# Flashing around chimney at ridge



## seeyou (Dec 12, 2008)

You can make your own ridge flashing out of two step flashings or buy a pre-made piece.

http://tiny.cc/4w7sw


----------



## RoofDiagnostics (Oct 17, 2010)

WillK said:


> Could someone walk me through how to flash a chimney that is at the peak of a roof? I get how to do the apron and the step flashing, so it'll have an apron on both sides, so when the step flashing gets to the top of the peak should there be something done differently or how does that work?

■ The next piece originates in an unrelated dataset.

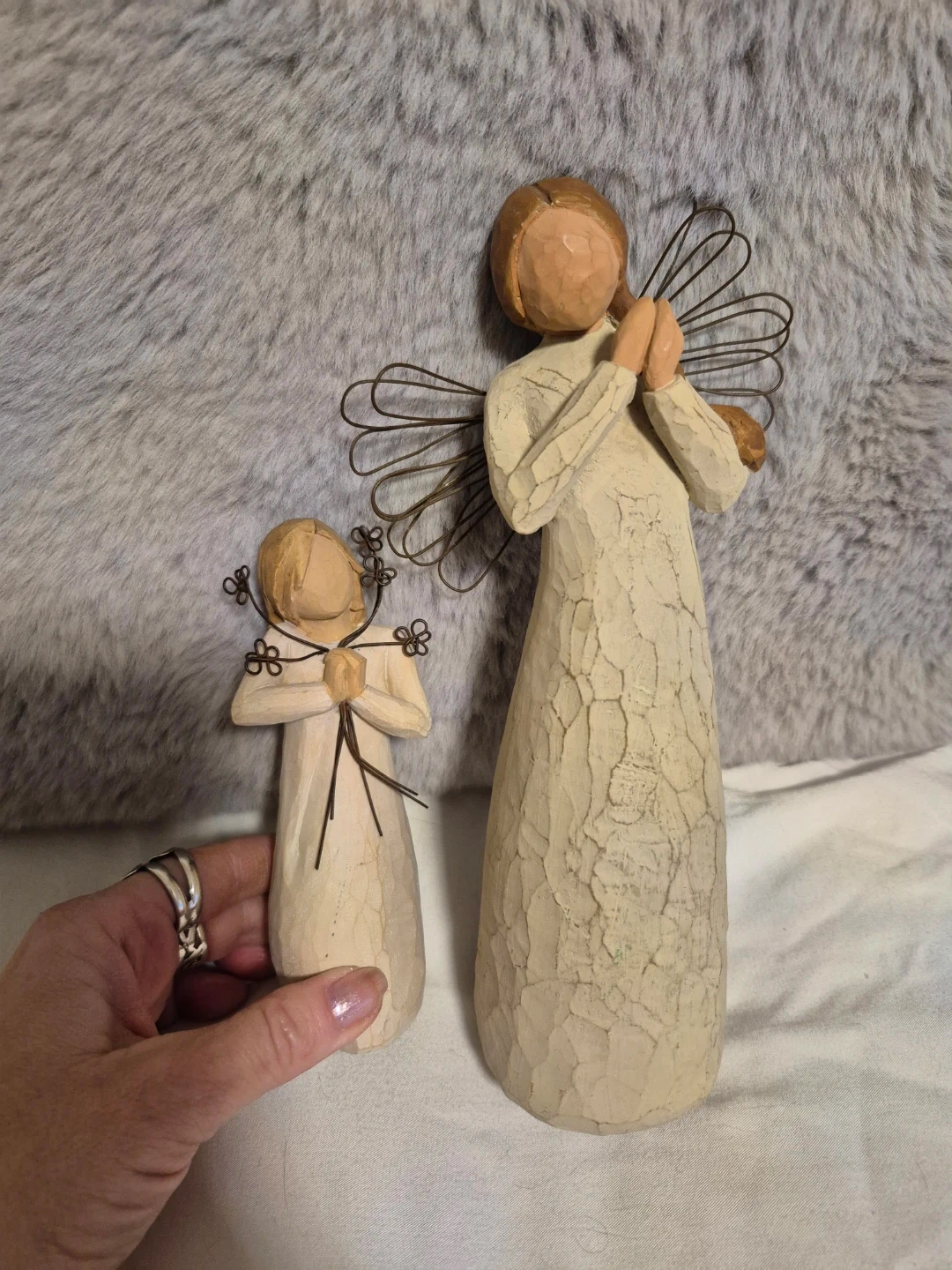 Two hand-painted Willow Tree angel figurines. The larger angel has wire wings and holds her hands together, while the smaller one holds a bouquet of wire flowers. These pieces are carved and painted in a style that evokes emotion and represents sentiments. They are made from resin and are approximately 10 inches and 6 inches tall. $20 for both.

Flashing a chimney is no different at the peak then in the field of the roof. to properly flash the chimney you need to:

1. Grind a regret joint.
2. Install step flashings
3. Install ice/water shield underlayement surrounding the base of the chimney
4. Fabricate and install counter flashing - this will be inserted into the reglet joint on the surface of the chimney.
5. Install the shingles surrounding the chimney

Hope it goes well!


----------



## WillK (Aug 29, 2010)

Well, what I don't really get is the part where you're going over the peak itself... Maybe I'm overthinking it, but it seems to me like there's always going to be a small area where the flashing can't really block water because you can overlap the step flashing from one side over the other where it goes over the peak, and you can overlap the part that goes onto the chimney but at the corner at the peak, you can't really overlap the 2 pieces... Is that just the way it is and you have to seal that with goop?


----------



## RoofDiagnostics (Oct 17, 2010)

the step flashings (the flashings that you do not see, once the job is finished) will have a gap where the two meet. you can make your own step flashing to fit this area. Sometimes we make a custom step flashing to fit the area - other times we leave the gap. The counter flashing is essential to the water tightness. Make sure you do a very good job with the counter flashing.


----------



## RoofDiagnostics (Oct 17, 2010)

http://www.ashireporter.org/articles/articles.aspx?id=808#Roof-Figure-4.gif (look about halfway down the page)


----------



## tinner666 (Mar 14, 2005)

Near the bottom of this page is a step by step detail of the finish pieces. http://www.albertsroofing.com/Chimney Repair.htm They get fully locked together before nailing either. A dab of caulk on each side will do ya.


----------



## WillK (Aug 29, 2010)

Great pictures, that really gets me the level of detail I needed! And just in time, I'm wrapping up this area today so I can get my roofing brackets down and get the pics of the house I need for my new insurance.


----------